NEWS

Islanders to descend on Athens over refugee crisis

Islanders to descend on Athens over refugee crisis

Protesters will converge outside the Immigration Policy Ministry on Tuesday to demand immediate relief for the eastern Aegean islands of Samos, Lesvos and Chios, where facilities for migrants and refugees are overflowing with thousands of stranded asylum seekers.

The rally is being organized by the municipalities of the three islands and aims to publicize the plight of asylum seekers who have been trapped there for more than a year, testing local communities.

“We have decided to protest and to demand again the immediate decongestion of our islands, so that the government reacts to the problem,”  a joint statement by the municipalities read.

To this end, Samos Mayor Michalis Angelopoulos is in contact with islander associations in Athens to get their support.

Currently the islands of the Aegean are home to a total of 15,486 refugees and migrants, of whom 6,520 are at Lesvos’s Moria hotspot, which was designed to hold 2,300 people.

Similarly, on Samos there are 2,083 people sheltered at the center near Vathi which has a capacity of just 700, as does the Vial facility on Chios, which is currently sheltering 2,377 people.

With winter arriving, hundreds of people – half of whom are children – at the Lesvos and Chios hotspots are still living in summer tents and exposed to the elements, without access to basic hygiene facilities.

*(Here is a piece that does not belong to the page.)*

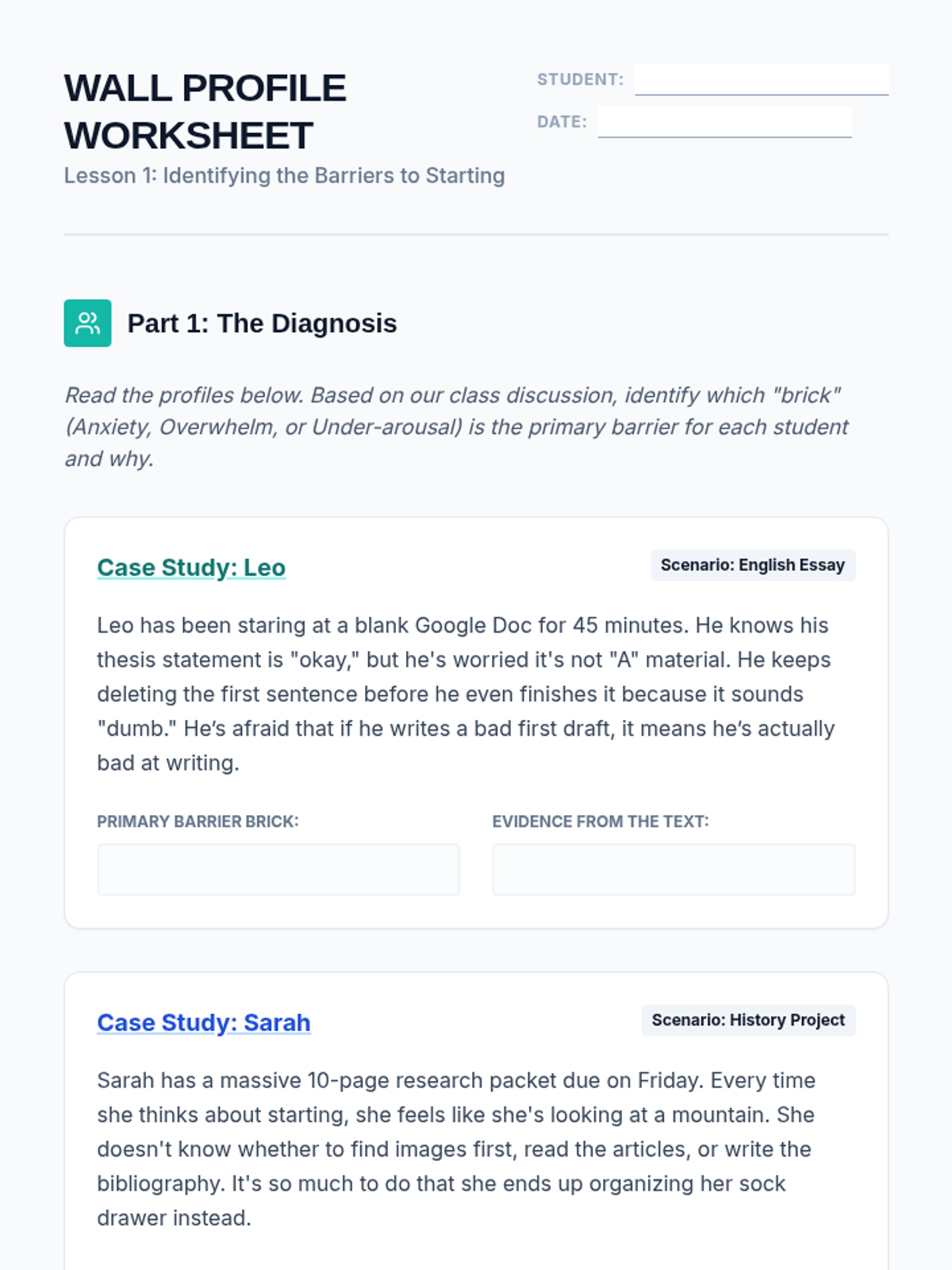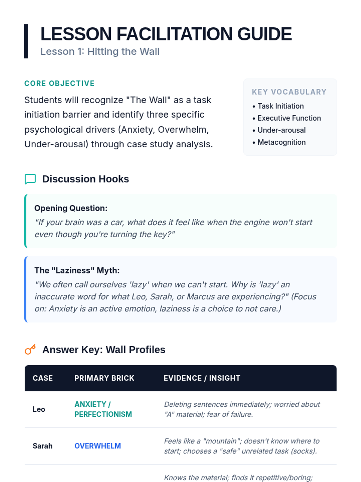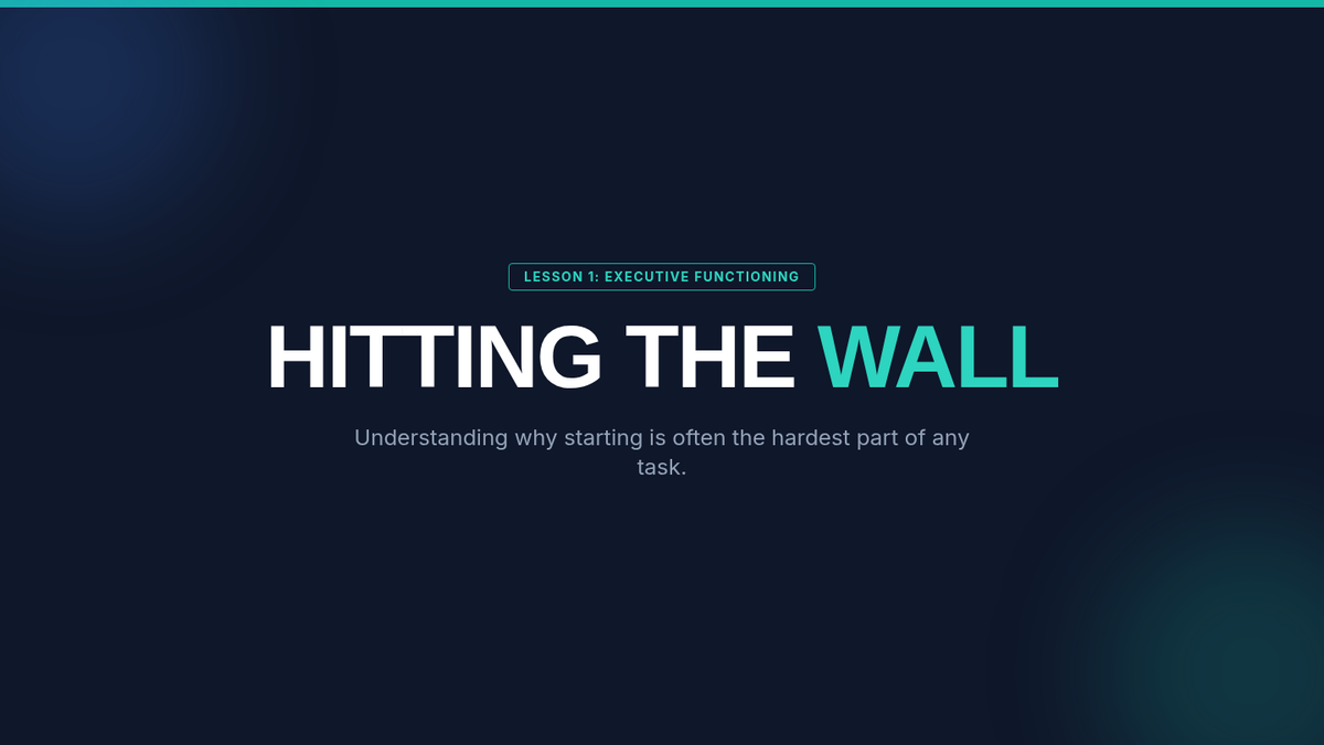 A 5-lesson sequence designed for 10th-grade students to overcome executive function barriers to task initiation. Students learn to identify internal blocks like anxiety and perfectionism, and develop a toolkit of strategies including chunking and the 'sloppy copy' technique to gain momentum and start tasks independently.

Reports said that work to place prefabricated huts next to the Vial hotspot to help ease the crowded conditions at the center and to make improvements to existing facilities was put on hold on Friday by a local court, pending a January 16 trial which will examine a lawsuit filed by the Chios Municipality against the Immigration Policy Ministry over its decision to house migrants and refugees at that specific hotspot.

Meanwhile, in a government bid to relieve some of the pressure on the islands, 500 people were transferred in the last two days alone from the islands to the Greek mainland. Nonetheless, 50 more people arrived on the islands’ shores from Turkey on Friday.